MATERIAL PROVIDED:
= = = =
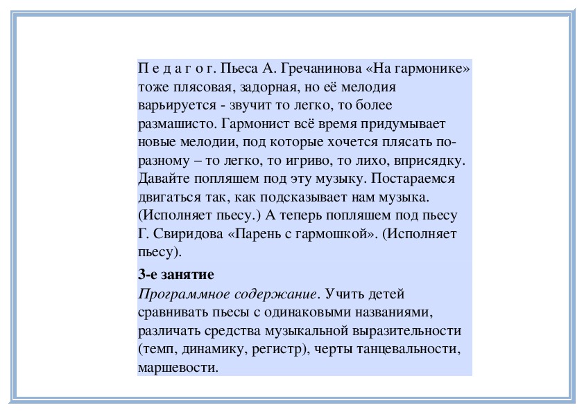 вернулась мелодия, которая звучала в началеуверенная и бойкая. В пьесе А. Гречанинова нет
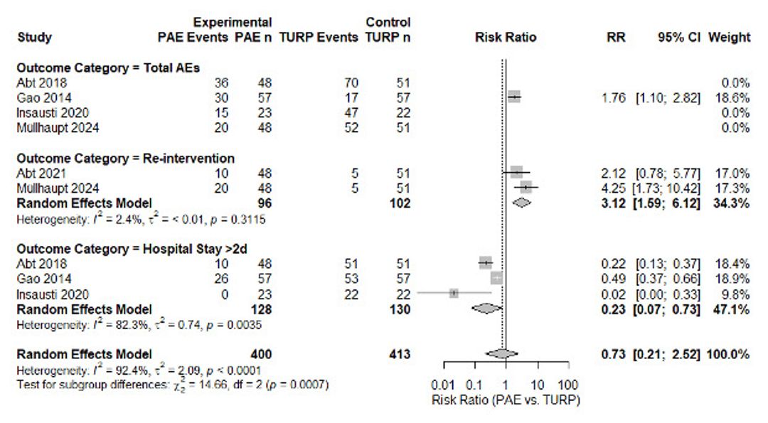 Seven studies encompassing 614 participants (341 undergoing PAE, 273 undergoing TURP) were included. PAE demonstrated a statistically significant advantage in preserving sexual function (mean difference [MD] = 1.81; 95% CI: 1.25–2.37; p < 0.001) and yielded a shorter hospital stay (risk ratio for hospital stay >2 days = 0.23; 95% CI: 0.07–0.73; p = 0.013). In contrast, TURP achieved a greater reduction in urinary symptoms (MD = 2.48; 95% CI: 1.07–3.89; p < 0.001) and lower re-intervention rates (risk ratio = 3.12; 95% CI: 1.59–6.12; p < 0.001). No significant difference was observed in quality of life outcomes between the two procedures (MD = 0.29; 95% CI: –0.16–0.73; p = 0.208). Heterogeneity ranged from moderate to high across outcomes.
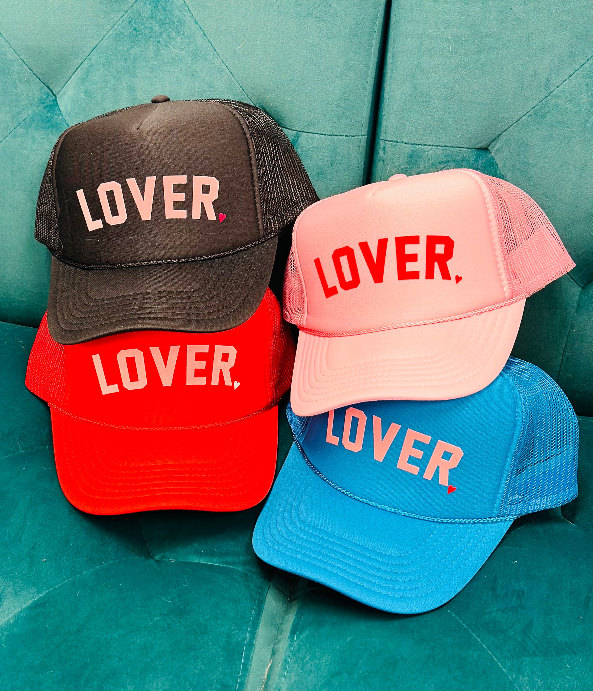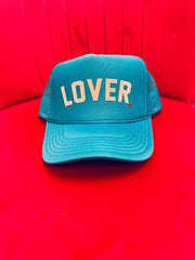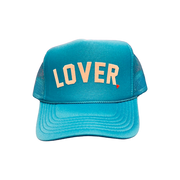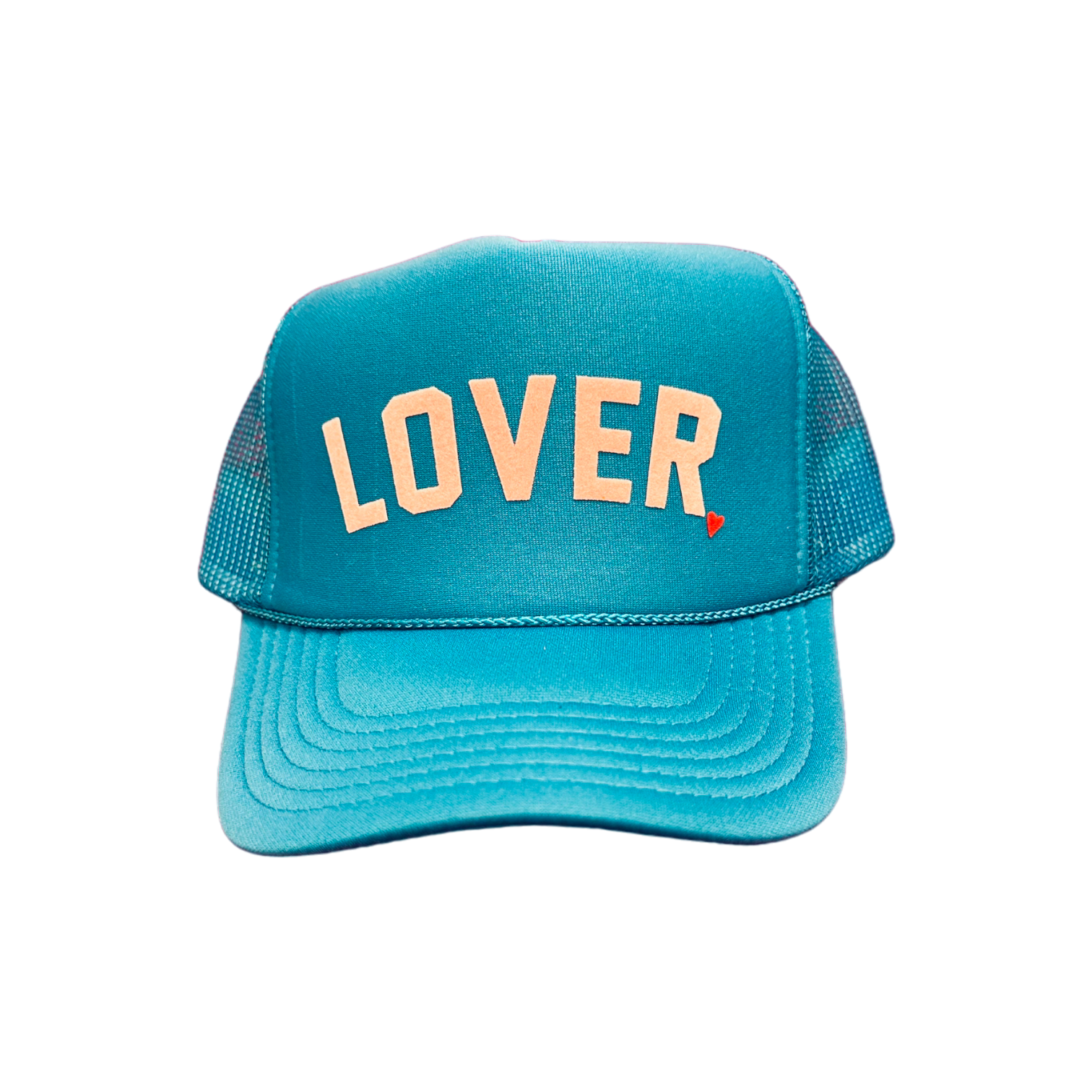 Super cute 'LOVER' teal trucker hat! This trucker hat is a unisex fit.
= = = =
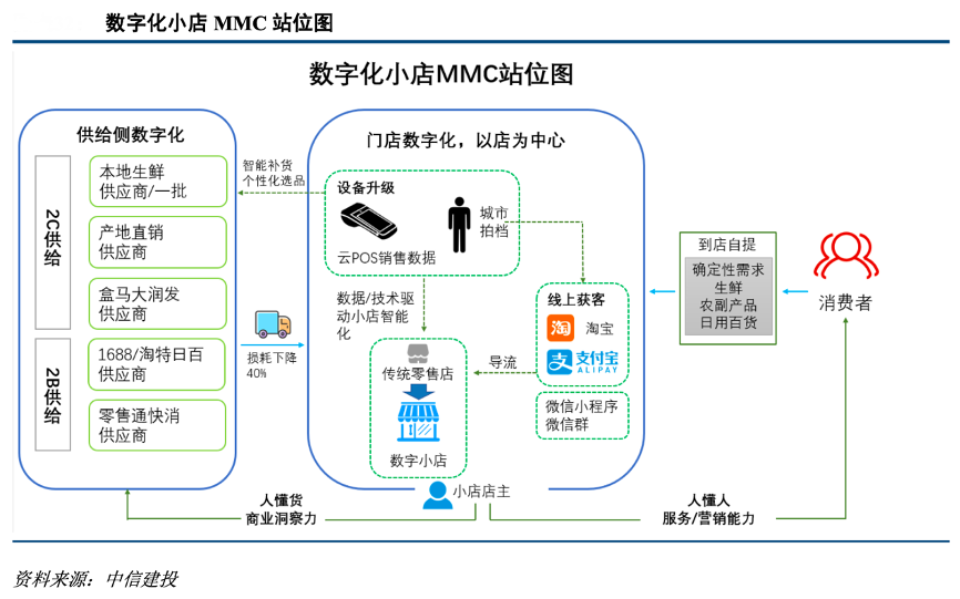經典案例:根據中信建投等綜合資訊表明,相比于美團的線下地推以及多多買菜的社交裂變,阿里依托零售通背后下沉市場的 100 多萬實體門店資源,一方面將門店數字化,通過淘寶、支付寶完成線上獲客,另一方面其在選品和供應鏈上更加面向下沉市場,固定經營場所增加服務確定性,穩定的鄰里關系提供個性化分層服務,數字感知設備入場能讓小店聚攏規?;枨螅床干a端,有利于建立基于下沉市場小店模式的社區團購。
= = = =
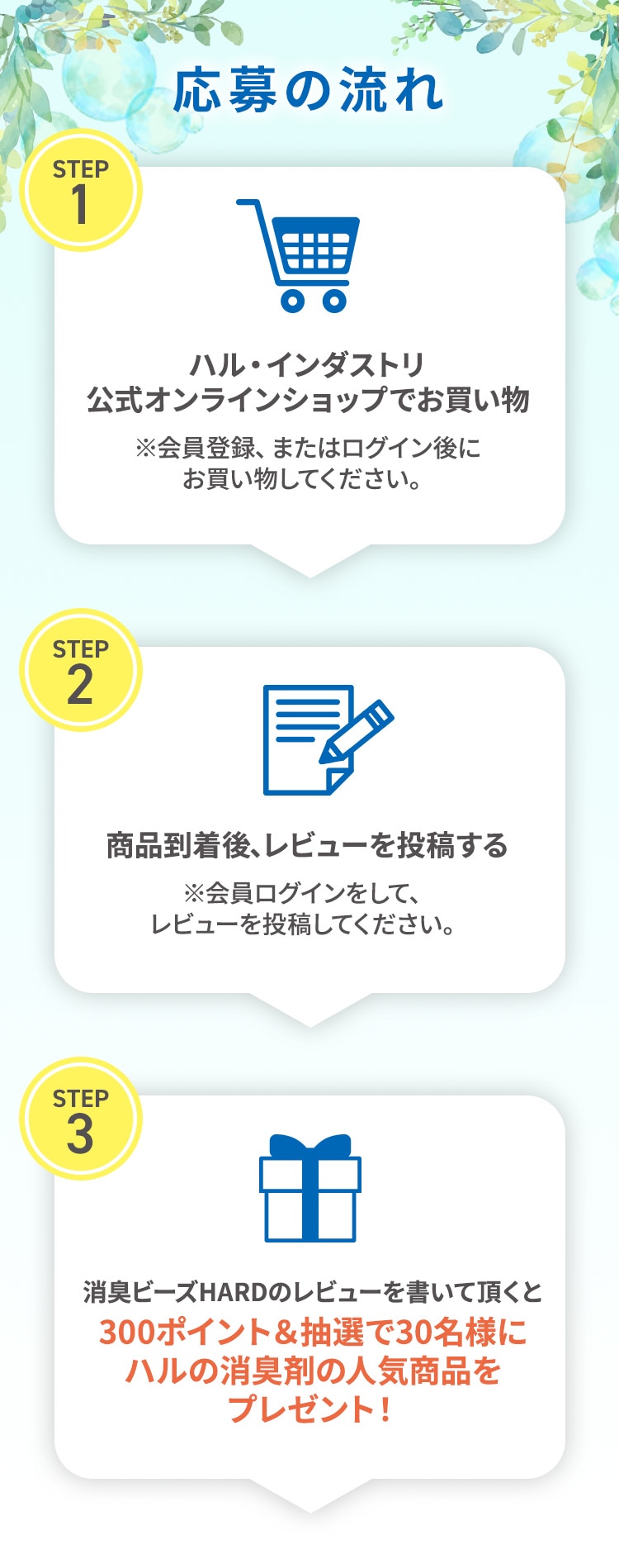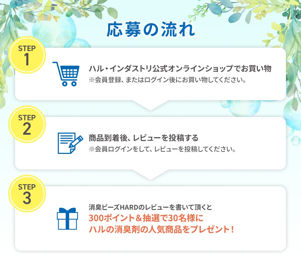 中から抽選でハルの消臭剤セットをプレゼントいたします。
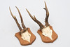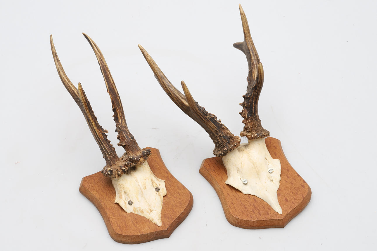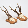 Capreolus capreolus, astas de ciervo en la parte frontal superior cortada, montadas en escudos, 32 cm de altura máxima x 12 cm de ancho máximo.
= = = =
TASK TO COMPLETE:
Reproduce exactly the lines above that run from the one with "вернулась мелодия, которая" to the one with "Super cute 'LOVER'", both included, leaving pictures out.

SOLUTION FOR THIS EXERCISE:
 вернулась мелодия, которая звучала в началеуверенная и бойкая. В пьесе А. Гречанинова нет
 Seven studies encompassing 614 participants (341 undergoing PAE, 273 undergoing TURP) were included. PAE demonstrated a statistically significant advantage in preserving sexual function (mean difference [MD] = 1.81; 95% CI: 1.25–2.37; p < 0.001) and yielded a shorter hospital stay (risk ratio for hospital stay >2 days = 0.23; 95% CI: 0.07–0.73; p = 0.013). In contrast, TURP achieved a greater reduction in urinary symptoms (MD = 2.48; 95% CI: 1.07–3.89; p < 0.001) and lower re-intervention rates (risk ratio = 3.12; 95% CI: 1.59–6.12; p < 0.001). No significant difference was observed in quality of life outcomes between the two procedures (MD = 0.29; 95% CI: –0.16–0.73; p = 0.208). Heterogeneity ranged from moderate to high across outcomes.
 Super cute 'LOVER' teal trucker hat! This trucker hat is a unisex fit.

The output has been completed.